INFORMATION GIVEN below:

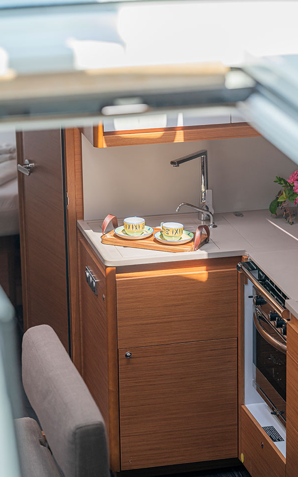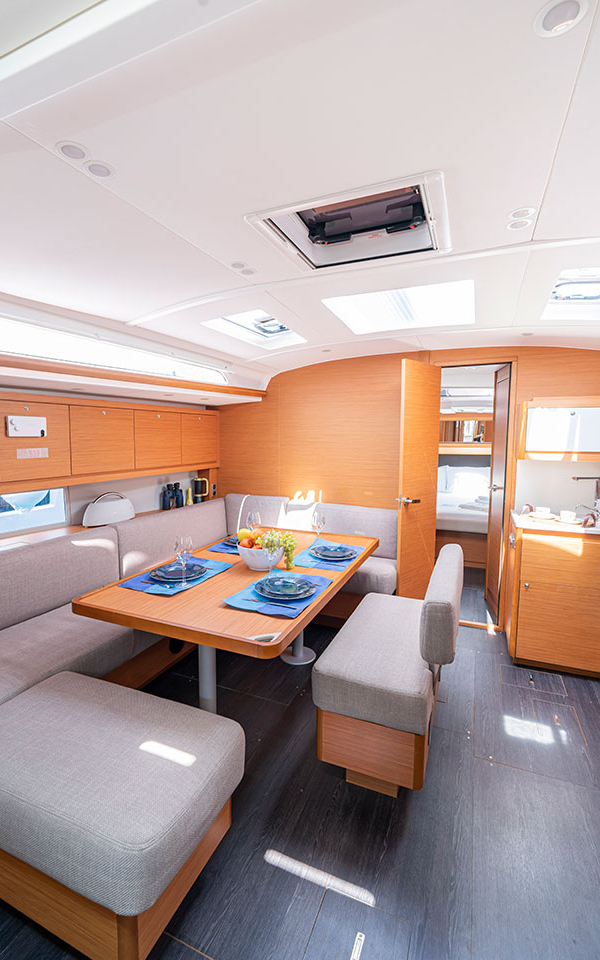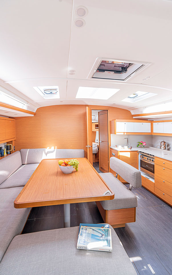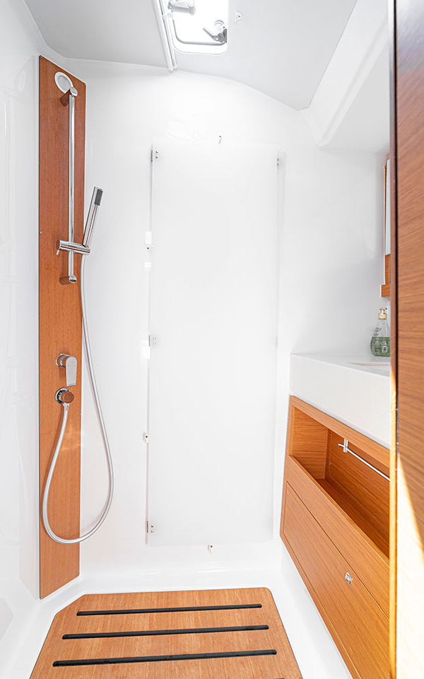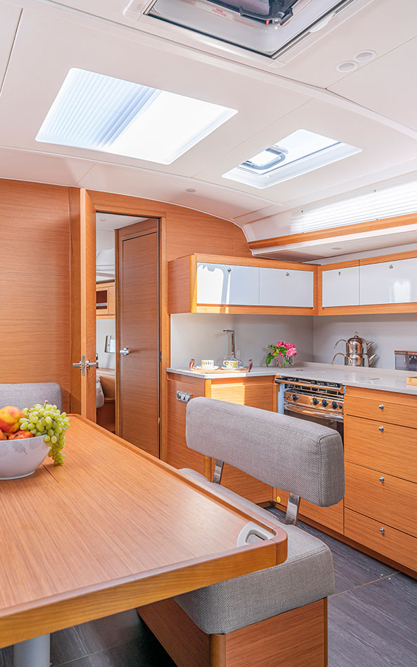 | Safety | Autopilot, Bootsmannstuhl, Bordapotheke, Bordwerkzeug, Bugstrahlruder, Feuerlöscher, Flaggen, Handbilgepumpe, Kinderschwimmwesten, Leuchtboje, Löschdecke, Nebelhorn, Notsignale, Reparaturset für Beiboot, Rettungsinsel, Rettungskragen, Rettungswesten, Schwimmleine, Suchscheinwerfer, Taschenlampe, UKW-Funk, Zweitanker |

End of INFORMATION GIVEN.
INFORMATION GIVEN below:

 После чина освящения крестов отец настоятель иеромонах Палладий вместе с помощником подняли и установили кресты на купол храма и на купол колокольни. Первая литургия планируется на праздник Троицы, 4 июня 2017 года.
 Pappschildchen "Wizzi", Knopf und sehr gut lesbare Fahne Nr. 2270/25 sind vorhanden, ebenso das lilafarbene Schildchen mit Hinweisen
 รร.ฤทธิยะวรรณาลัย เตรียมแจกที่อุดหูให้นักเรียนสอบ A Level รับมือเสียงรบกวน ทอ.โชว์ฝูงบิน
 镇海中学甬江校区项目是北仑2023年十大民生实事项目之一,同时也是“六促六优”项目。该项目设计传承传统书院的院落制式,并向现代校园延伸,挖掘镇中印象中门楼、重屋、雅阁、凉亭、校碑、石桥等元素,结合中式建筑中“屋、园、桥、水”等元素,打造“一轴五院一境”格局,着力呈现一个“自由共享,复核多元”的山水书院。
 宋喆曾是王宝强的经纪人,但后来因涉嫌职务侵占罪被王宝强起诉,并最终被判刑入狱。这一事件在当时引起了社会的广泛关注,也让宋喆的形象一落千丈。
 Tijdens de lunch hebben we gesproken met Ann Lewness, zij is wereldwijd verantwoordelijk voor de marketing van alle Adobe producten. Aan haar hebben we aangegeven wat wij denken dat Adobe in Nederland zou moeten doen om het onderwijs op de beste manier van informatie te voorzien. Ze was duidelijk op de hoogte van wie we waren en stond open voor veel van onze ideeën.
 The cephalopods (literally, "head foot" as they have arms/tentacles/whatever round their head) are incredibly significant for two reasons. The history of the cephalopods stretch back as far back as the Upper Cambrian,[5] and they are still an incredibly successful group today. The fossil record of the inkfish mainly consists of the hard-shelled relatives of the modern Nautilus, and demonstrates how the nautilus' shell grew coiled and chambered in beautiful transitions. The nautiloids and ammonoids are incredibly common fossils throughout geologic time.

End of INFORMATION GIVEN.

| TASK TO CARRY OUT |
Only those lines of the entries above that run from the line containing "镇海中学甬江校区项目是北仑2" to the line containing "throughout geologic time.", both included, should be transcribed exactly.

| SOLVED PROBLEM |
 镇海中学甬江校区项目是北仑2023年十大民生实事项目之一,同时也是“六促六优”项目。该项目设计传承传统书院的院落制式,并向现代校园延伸,挖掘镇中印象中门楼、重屋、雅阁、凉亭、校碑、石桥等元素,结合中式建筑中“屋、园、桥、水”等元素,打造“一轴五院一境”格局,着力呈现一个“自由共享,复核多元”的山水书院。
 宋喆曾是王宝强的经纪人,但后来因涉嫌职务侵占罪被王宝强起诉,并最终被判刑入狱。这一事件在当时引起了社会的广泛关注,也让宋喆的形象一落千丈。
 Tijdens de lunch hebben we gesproken met Ann Lewness, zij is wereldwijd verantwoordelijk voor de marketing van alle Adobe producten. Aan haar hebben we aangegeven wat wij denken dat Adobe in Nederland zou moeten doen om het onderwijs op de beste manier van informatie te voorzien. Ze was duidelijk op de hoogte van wie we waren en stond open voor veel van onze ideeën.
 The cephalopods (literally, "head foot" as they have arms/tentacles/whatever round their head) are incredibly significant for two reasons. The history of the cephalopods stretch back as far back as the Upper Cambrian,[5] and they are still an incredibly successful group today. The fossil record of the inkfish mainly consists of the hard-shelled relatives of the modern Nautilus, and demonstrates how the nautilus' shell grew coiled and chambered in beautiful transitions. The nautiloids and ammonoids are incredibly common fossils throughout geologic time.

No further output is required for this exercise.